William Stafford’s "A Ritual To Read To Each Other" explores the fragile necessity of honest human connection. The poem presents a scene of two people who do not truly know one another, warning that without this understanding, inherited patterns and false guides can lead us away from our true purpose. The mood is urgent and sobering, as Stafford likens small betrayals—a mental shrug, a broken sequence—to a crack in a dyke that lets childhood errors storm through. He extends the metaphor with elephants holding each other’s tails in a parade: if one wanders, the whole circus loses its way. The stakes are high, for the darkness around us is deep. Stafford calls for clear signals and mutual wakefulness, arguing that to know what occurs yet fail to acknowledge it is the root of cruelty. The work is ultimately a plea for deliberate, truthful communication to keep our shared lives from getting lost.

About the Music

The Seven Ages by Elias Thorne

Elias Thorne’s The Seven Ages is a haunting ambient classical piece that unfolds at a slow, deliberate tempo, built around sparse, resonant piano notes that linger in the air like fading memories. Deep cello undertones provide a warm, somber foundation, while a faint, distant harpsichord adds an antique, sepia-toned texture, evoking the quiet ache of time’s passage. The mood is deeply melancholy and reflective, inviting the listener into a state of quiet contemplation that recalls the introspective minimalism of composers like Harold Budd or the ethereal soundscapes of modern ambient classical. Thorne masterfully balances silence and sound, creating a sonic meditation on life’s fleeting stages, from youth to old age.
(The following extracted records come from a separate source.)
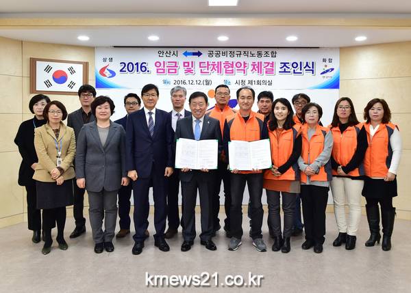 안산시(시장 제종길)와 공공비정규직노동조합(위원장 이성일)은 지난 12월 12일 시청 제1회의실에서 2016 임금 및 단체협약을 체결하고 조인식을 가졌다.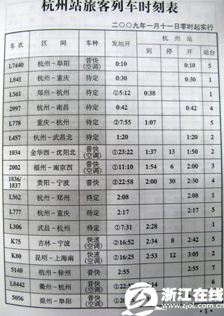 2009春运最新列车时刻表(1月11日起实行)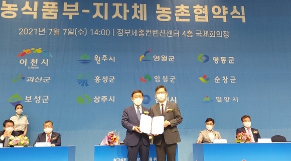 이날 협약식에는 농림부의 농촌협약 시범사업에 선정된 김해시 등 12개 지자체 단체장이 참석했다.

This piece is ideal for those seeking music for introspection, study, or moments of peaceful solitude, where each note feels like a breath drawn from a bygone era.

About the Art

The Fragile Parade by Corinne Vale

In The Fragile Parade, Corinne Vale creates a dreamlike Symbolist scene where two stylized, shadowed figures stand in the lower left third of the canvas, facing one another without meeting each other’s gaze, connected only by a faint, glowing thread. Dramatic chiaroscuro, with a single soft light source from above left, casts deep, long shadows across the composition, while the rich jewel tones of deep indigo, burnt umber, and gold emerge from a vast inky black background. Vale’s visible, deliberate oil brushstrokes give weight to the figures and a tactile quality to the surrounding darkness. Behind them, stretching into the upper right, a ghostly parade of elephant silhouettes fades into the deep blackness, with the main focal point resting in the charged space between the two human figures. The work evokes the psychological intensity of Odilon Redon, blending figurative and allegorical elements with precise, haunting atmosphere.